My sister has a B.A.H in Drama, which is, obviously, not a useful field of study for 99.6% of all jobs - but her degree has gotten her at least two jobs that I know of, solely because one of the checkmarks on the required job competency list was “Has a B.A.” It’s never stopped her from getting a job where she would have gotten the job had she never gone to university. She couldn’t get a job as an engineer, but that’s not because she has a B.A. in Drama, it’s because she DOESN’T have a B.Sc.
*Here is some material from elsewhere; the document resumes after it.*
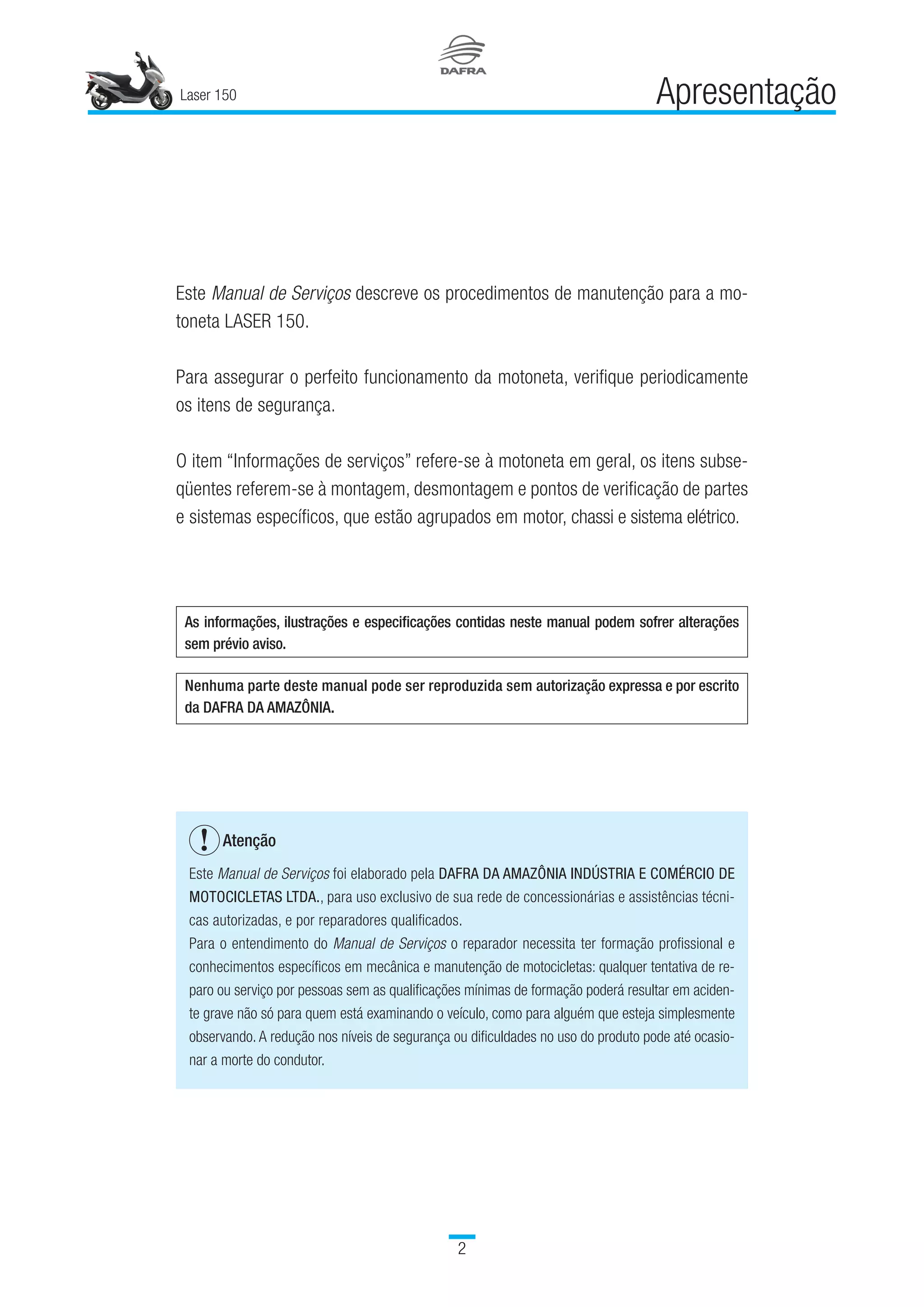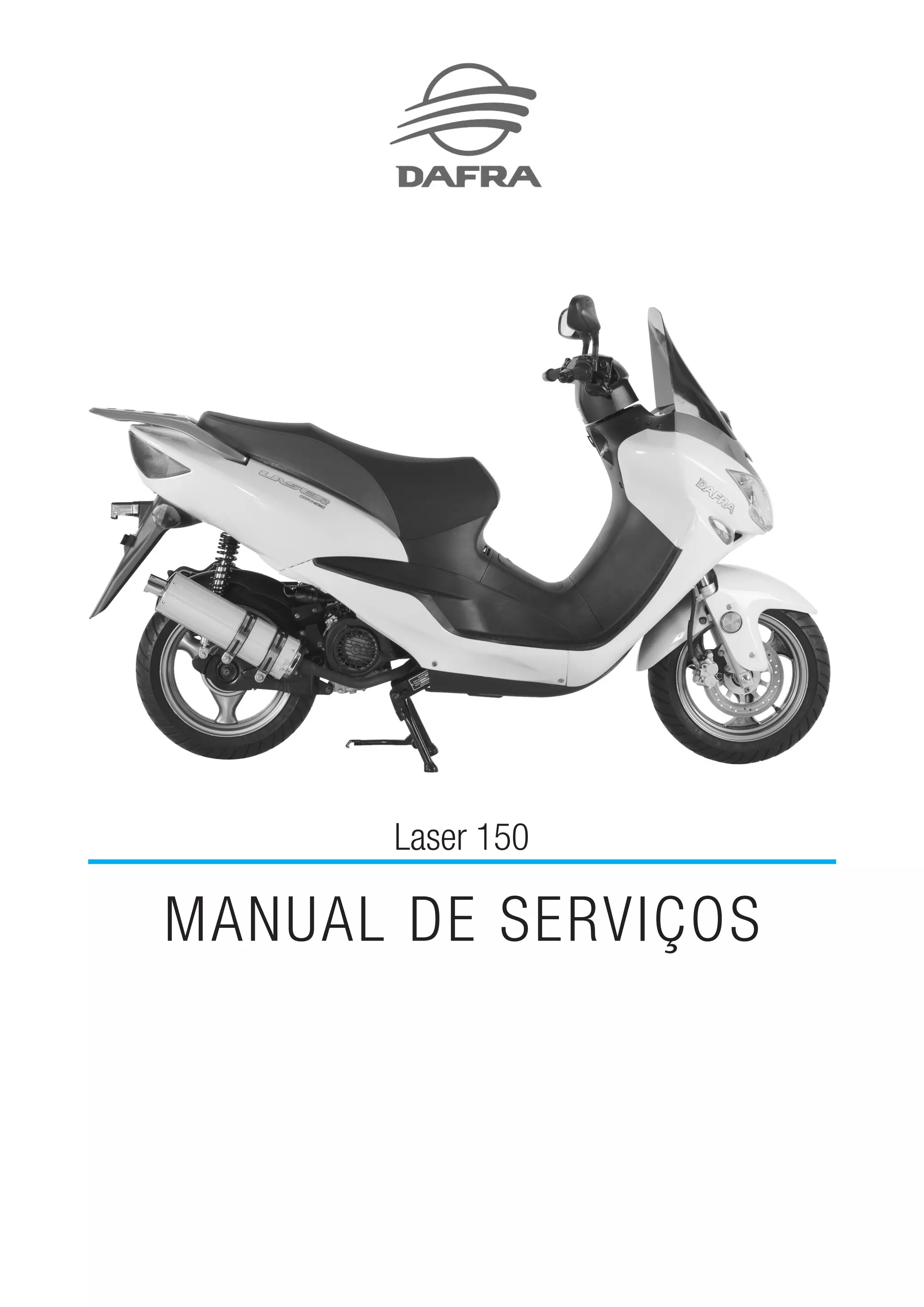 Este manual descreve os procedimentos de manutenção da motoneta Laser 150, cobrindo tópicos como chassi, rodas, freios, suspensão, motor, sistema elétrico e de ignição. Inclui instruções para remoção, inspeção e substituição de peças, além de especificações técnicas e recomendações de segurança.

I think what the OP is looking for is situations where an employer woulod say “I will not give you the job because you have Education X.” Like, say, Crafter Man, although one anedcote isn’t much indicative of a general trend. My job required a B.A. Educationally speaking that’s it (there are a lot of other, industry-experience requirements though.) I don’t think my boss even knows what my major was.
I really think its how you market your degree. Something I noticed is that having the degree alone is seldom useful, particularly for certain degrees (English, psychology undergrad, communications, philosophy, etc) because the degrees can get so overly generalist. With no internships or relevant experience, an employer really doesnt know what you know, nor do they know how well you work. When times are flush, employers can take a risk on a hire, but when jobs are scarce its logical they will hire the most qualified person. An applicant whose resume is filled with relevant experience via internships and part time work/apprenticeships/etc shows his potential employer that he is focused on a specific skillset, proactive and ambitious. In contrast…
My ex-girlfriend got a BA in psychology. She wanted to be a sex therapist (?) But never pursued grad school or did internships. Last I heard she was still working part-time at a hotel that she had been working at during school.
My friend’s wife got a degree in Communications, but barely graduated (squeaked by with an anemic 2.5 GPA, or whatever the minimum allowable was.) Not surprisingly, she couldnt find steady employment in the field she wanted to work (high tech PR)
My stepbrother’s girlfriend got a degree in Sociology from a good school, graduated Summa Cum Laude, then failed to find a job in her field. She never did any internships that I know of, and had swallowed the propiganda that good grades in school guaranteed a prestigious job.
Some degrees are more marketable than others. But if you’re going to saddle yourself with student loans and years of hard work, it pays to do your homework ahead of time and research what it will take to make your major marketable.